= John Milner (nonjuror) =

English clergyman and scholar

John Milner (1628–1702) was an English clergyman, known as a nonjuring minister, scholar and opponent of John Locke.

==Life==
Milner was second son of John Milner and Mary, daughter of Gilbert Ramsden, born at Skircoat, in the parish of Halifax, and was baptised 10 February 1628. He was educated at the Halifax grammar school and entered at Christ's College, Cambridge, 21 June 1642. He probably left without a degree ahead of the parliamentary visitation of the university. Returning to Halifax he made the acquaintance of John Lake, whose sister he seems to have married. Milner was probably with Lake at Oldham in 1651; it has been inferred that he was schoolmaster at Chadderton appointed in August 1641. Lake's friend was preaching at Oldham as late as 1654.

Milner is said to have subsequently returned to Halifax, and at the Restoration was given the curacy of Beeston in the parish of Halifax by Lake, who had then become vicar of Leeds. In 1662 he obtained the degree of B.D. at Cambridge by royal letters. His petition for his degree states that he had been deprived of a good benefice during the rebellion. In the same year he was made minister of St. John's, Leeds, was inducted vicar of Leeds 4 August 1673, and elected prebendary of Ripon 29 March 1681.

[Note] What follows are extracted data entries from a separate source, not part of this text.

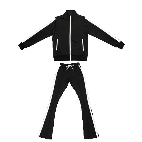 Unisex Black Flared Tracksuit Set with White Side Stripes Zip Jacket and Pants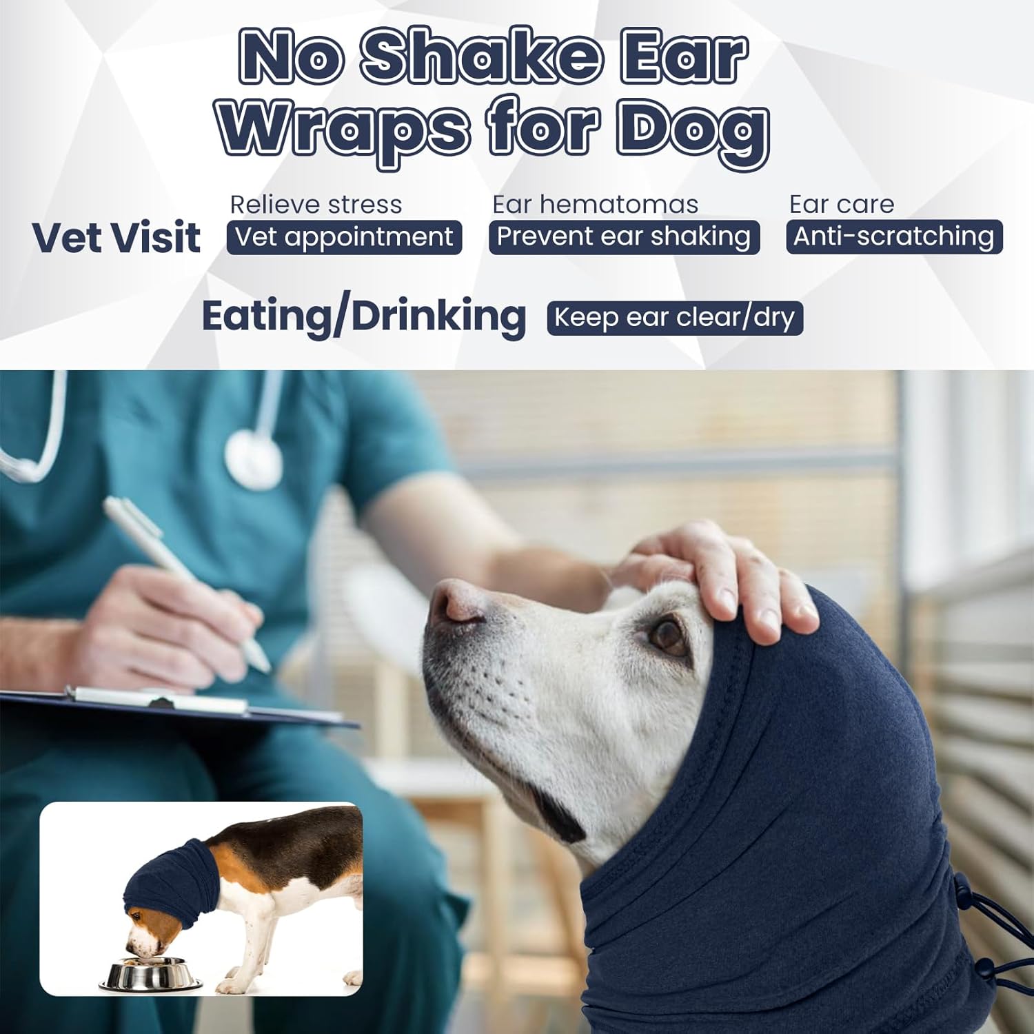 UPGRADE ANTI-SLIP ADJUSTABLE DOG EAR COVERS FOR NOISE: This ear cover for dogs has been upgraded with two adjustable drawstrings, which solves the problem of it slipping easily. When a long-haired dog wear the dog ear wraps, it can avoid hair hanging down to the dinner plate when eating or drinking water. And the dog ear covers can be use as a scarf, keep pets warm when they go out in cold weather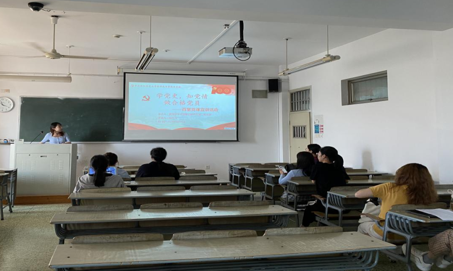 为引领学生党员学党史守初心,增强使命感和责任感,5月19日下午,教师9001jcc金沙以诚为本教育学学术型硕士研究生第二党支部书记以“学党史 知党情 做合格党员”为主题,在5幢102教室为支部党员上了一堂别开生面的党课。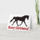 Navidades de caballo Bonitos saludando una carta con un caballo negro lleno de corazones y el saludo "Feliz Navidad" en el fondo. Perfecto para el ecuestre en su vida.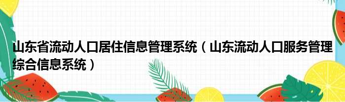 山东省流动人口居住信息管理系统(山东流动人口服务管理综合信息系统)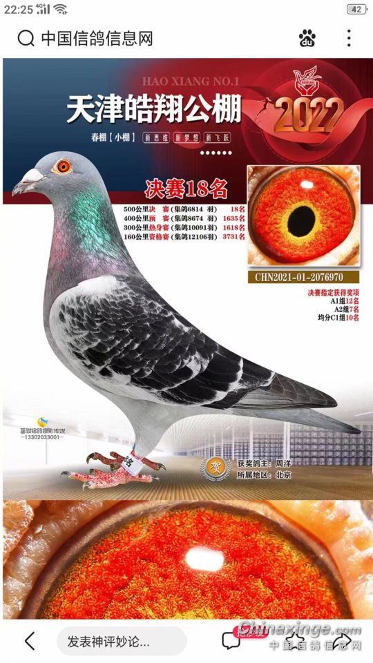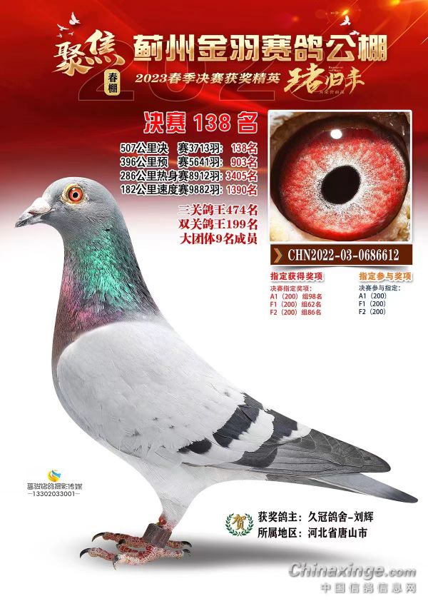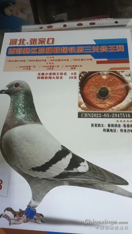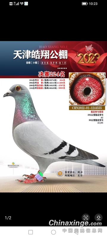 2024年预订幼鸽,雌鸽2023年出的天津小宇航加站双关综合64名三关综合18名四关综合17名,同窝雌鸽做出2023年春季久盟公棚预赛90名决赛246名,喜欢的联系……就预订一窝。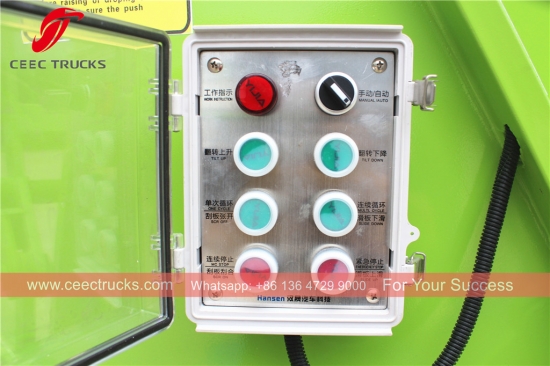 | Optional | ** Back alarm and Camera can be equipped. ** Italy mulit-valve can be choose. ** 240L (single bin or double bin) or standard 660 L, 1100 L bins with bin lifter can be choose. | |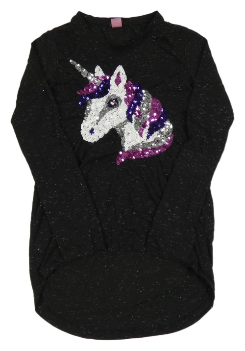 Čierne melírované dlhé tričko s jednorožcem z flitrů Y.F.K.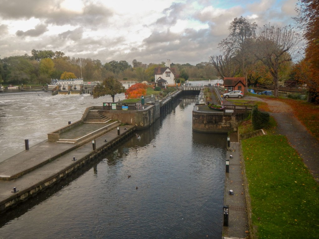 I strayed over the county border that evening to stock up with provisions from a shop in Goring. Next morning (29 October) I crossed the Thames again and then turned north on a route parallel to the river. Sadly the river wasn’t visible from the path initially as private garden frontages stretch down to the banks. However eventually, after passing through the village of South Stoke, the path did follow the river bank through a conservation area. Unfortunately it started to pour with rain, but at least that meant that I could actually wear my brand new waterproofs, which I had carried round for weeks and even managed a whole expedition to the Lake District without needing to wear them.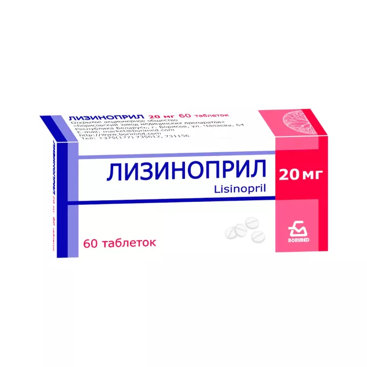 Лизиноприл 20 мг таблетки 60 шт
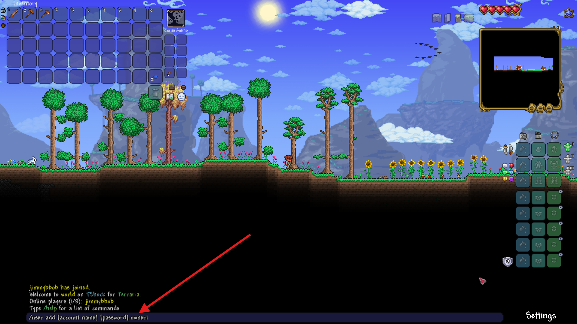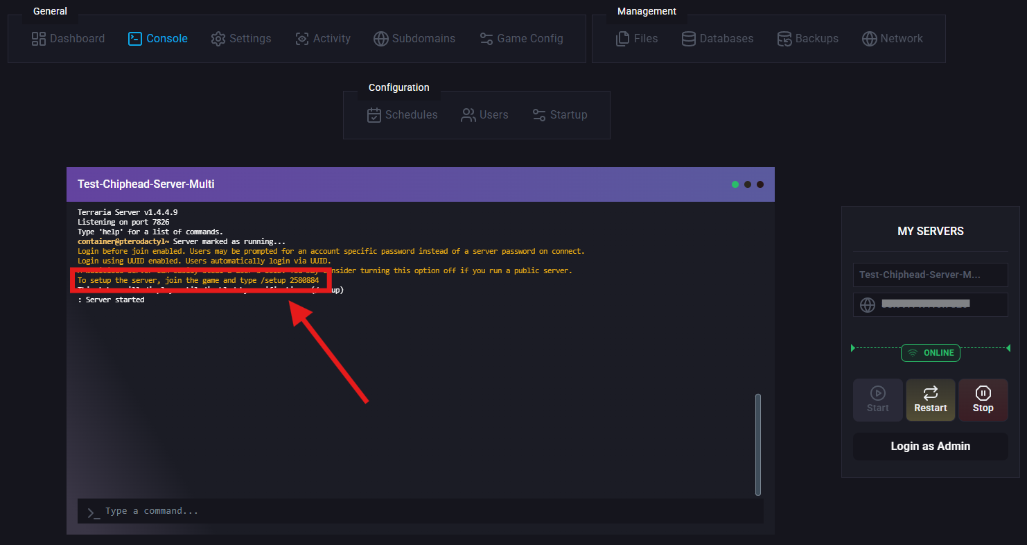 If successful, TShock will display confirmation text in your chat.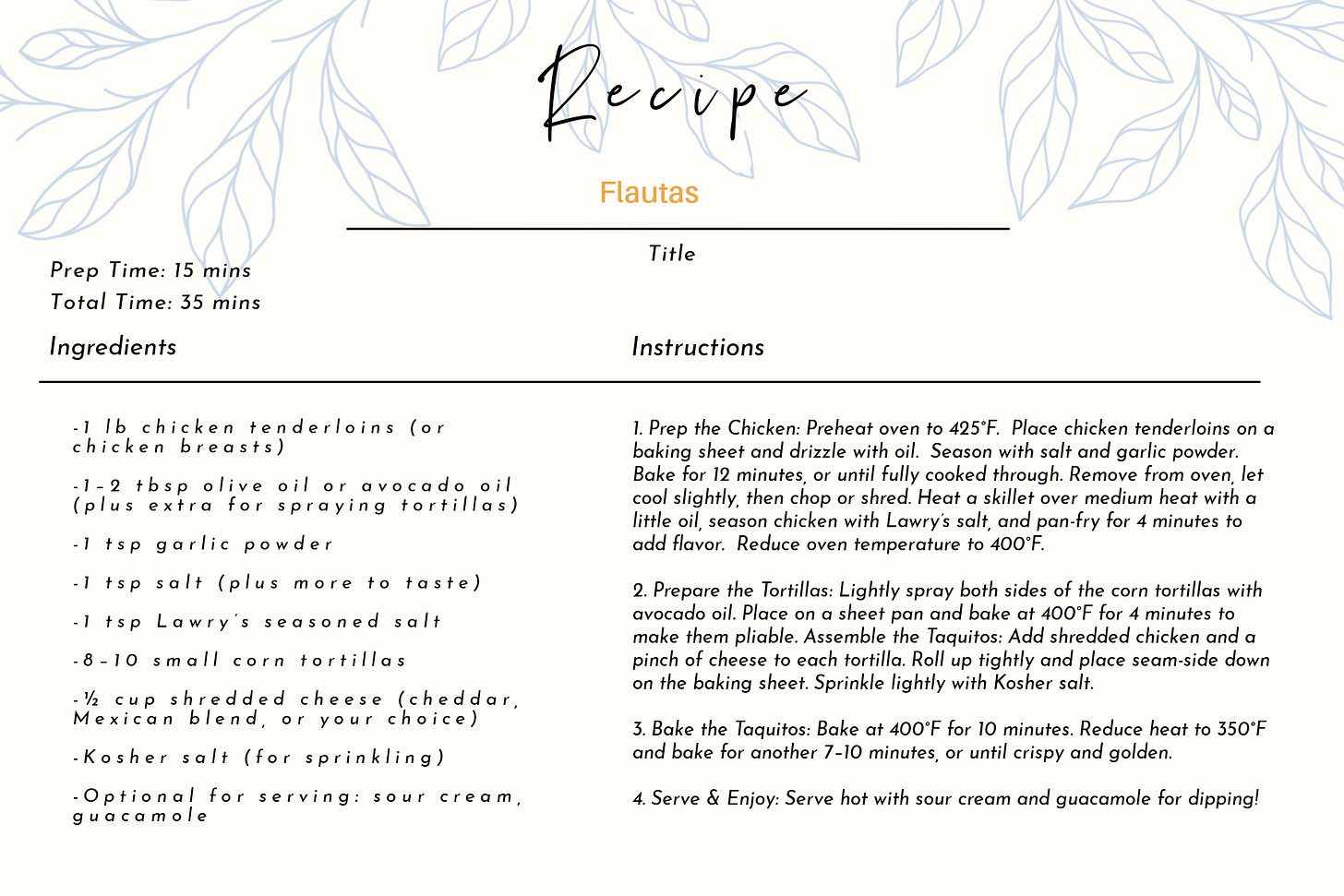 Here is the recipe for flautas that I’ve been making for my family. It’s not perfect like moms, but it’s pretty good.
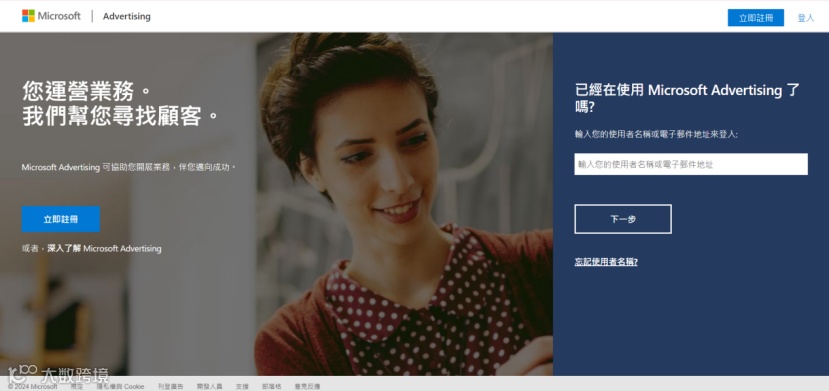 要开始使用 Bing Ads ,首先要访问Microsoft网站并选择注册或登录。

At the Glorious Revolution of 1688 he joined the nonjurors, was deprived of all his preferments, and retired to St. John's College, Cambridge, where he lived in comparative ease. He died 16 February 1702, and was buried in the college chapel on 19 February. His only son, Thomas, vicar of Bexhill, Sussex, proved a great benefactor to Magdalene College, Cambridge, under his will dated 5 September 1721.

==Works==
Milner published:

- 'Conjectanea in Isaiam ix. 1, item in Parallela qusedam Veteris ac Novi Testamenti in quibus Versionis LXX Interpretum . . . cum Textu Hebraeo conciliationem meditatur Author,' dedicated to James Duport and Edmund Castell, London, 1673.
- 'A Collection of the Church History of Palestine from the Birth of Christ to the Beginning of the Empire of Diocletian,' London, 1688.
- 'A Short Dissertation concerning the Four Last Kings of Judah,' London, 1687 or 1689, occasioned by Joseph Scaliger's Judicium de Thesi Chronologica.
- 'De Nethinim sive Nethinaeis et de eis qui se Corban Deo nominabant disputatiuncula adversus Eugubinum, Card. Baronium,' Cambridge, 1690.
- 'A Defence of Archbishop Usher against Dr. Cary and Dr. Isaac Vossius, . . . with an Introduction concerning the Uncertainty of Chronology,' Cambridge, 1694. Controversial work supporting James Ussher against Robert Cary and Isaac Vossius.
- 'A Discourse of Conscience,' &c., London, 1697 or 1699.
- 'A View of the Dissertation upon the Epistles of Phalaris, Themistocles, &c., lately published by the Rev. Dr. Bentley, also of the Examination of that Dissertation by the Honourable Mr. Boyle,' London, 1698.
- 'A Brief Examination of Some Passages to the Chronological Fact of a Letter written to Dr. Sherlock in his Vindication, in a letter to a friend,' with 'A Further Examination [of the above] in a second letter.'
- 'An Account of Mr. Locke's Religion out of his own Writings,' &c. (charging Locke with Socinianism), London, 1700.
- 'Animadversiones upon M. Le Clerc's Reflexions upon our Saviour and His Apostles,' Cambridge, 1702.

Two anonymous pamphlets on Bishop John Lake's 'Dying Profession,' have been assigned to Milner, or Robert Jenkin. They were published at London in 1690. Milner left in manuscript a translation in Latin of the Targum on the First and Second Book of Chronicles, and other works on Scriptural chronology and current ecclesiastical controversies. The Account of Mr. Locke's Religion includes moderate and shrewd criticisms of Locke's detailed reasoning.